Sorry, my mistake, I'm kinda new to pics.

Mike.

 

[Oznog]

Keep in mind that the capacitor we are trying to charge is only 25pF. A 1uF external cap will charge it almost instantly and it's voltage will not be effected (that you can measure).

Mike.

Yes, a 1uF paralleled with a 25pF cap would only drop to 1/40000 of its voltage, which is much less than a code in the ADC (1/1024). However, the cap is also needed to smooth the AC, not just reduce filter output impedance to pulses. And, at that, the filter should have a 2.4Hz cutoff with a 1uF. Which sounds basically OK. The lowpass filter is a first-order type and the cutoff is very gradual. If the ripple was at 120Hz and the filter had a 60Hz cutoff, and the ripple was of high amplitude, that might not be enough. But the ripple amplitude is moderated by the battery to begin with, and 2.4Hz is far from 120Hz, so the ripple amplitude should be way below detectable levels with a 1uF cap and a 200K/100K resistor divider. The leakage current issue remains a factor.

 

[Suraj143]

I read all of your replies & gained lots of ideas.

What I learned was

Input impedance mean, impedance seen by anything connected to the input of a circuit or device.Its the effect of all the resistance, capacitance and inductance connected to the input inside the circuit or device.

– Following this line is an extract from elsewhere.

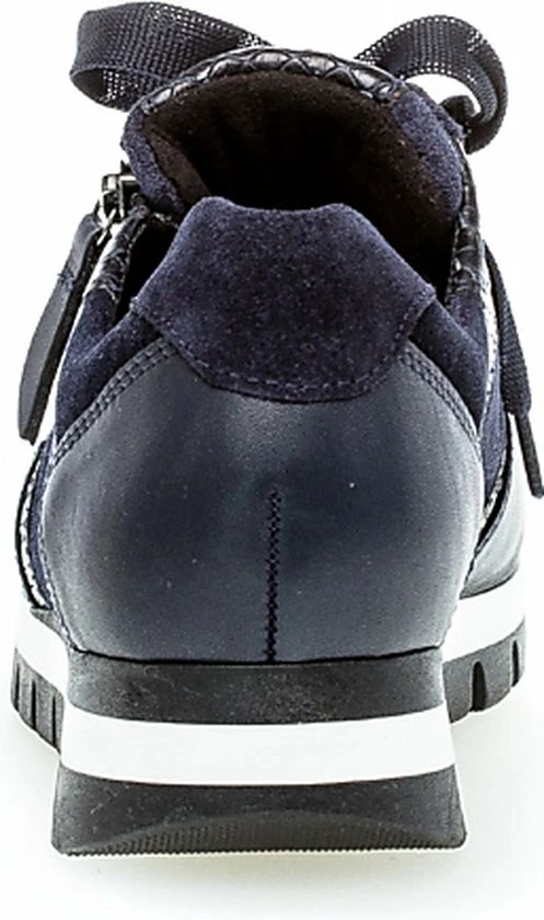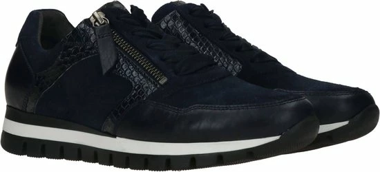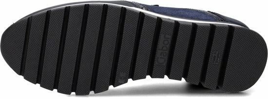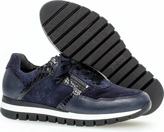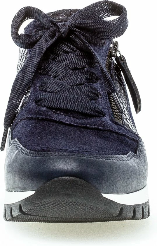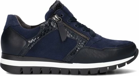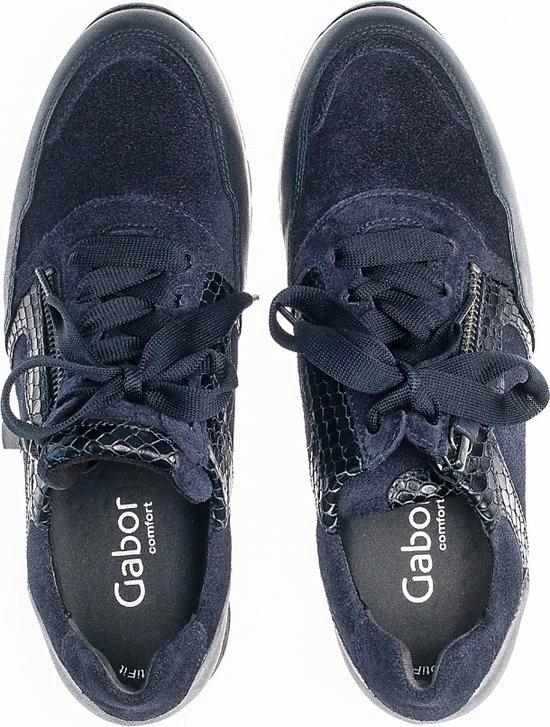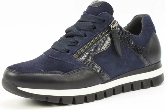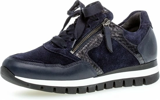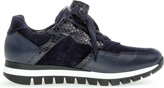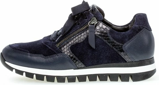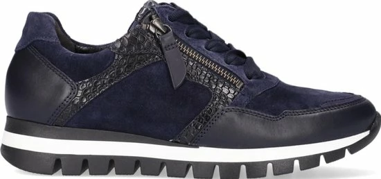 Ga fAshionable op stap met deze blauwe lage sneaker 438 uit de Comfort collectie van het merk Gabor. Schoenen uit de Comfort collectie hebben meer ruimte bij de tenen en bij de bal van de voet en bieden voor iedere voet de noodzakelijke ruimte. De buitenkant is gemaakt van blauw suède en heeft sportieve overlays van leer in combinatie met krokodillenprint accenten. Het binnenwerk heeft een leren voering in combinatie met textiel en een uitneembaar voetbed. Dit model heeft een vetersluiting met een brede veter én een rits langs de veterklep voor een gemakkelijke instap. Opvallend is de wit-zwarte rubberen zool met grof profiel voor een trendy look en een stevige grip.

But my circuit will provide unsmoothd DC & there is no any AC.So we have to concentrate only the resistors & ignore the capacitor.

In this case I see there is 66.7K impedance seen by the PIC input.I wonder how this capacitor makes the impedance below 10K ???

 

[Pommie]

Suraj,

The capacitor acts as a reservoir to supply the current required to charge the sample and hold capacitor and so the input impedance is no longer a problem.

Mike.

 

[Suraj143]

Thanks Mike

By the way is it ok if I add 220K & 100K resisters with a 1uF.Because 200K is no longer available.

 

[Pommie]

Yes you can but you need to adjust your calculations accordingly however, as I said earlier, I would use something like 100K and 47K and a low leakage capacitor. Even with these reduced values the drain on the battery is minuscule.

Mike.

 

[Suraj143]

Ok thanks mike I'll use that values.100K & 47K & use a 1uF cap.

 

[Oznog]

But my circuit will provide unsmoothd DC & there is no any AC.So we have to concentrate only the resistors & ignore the capacitor.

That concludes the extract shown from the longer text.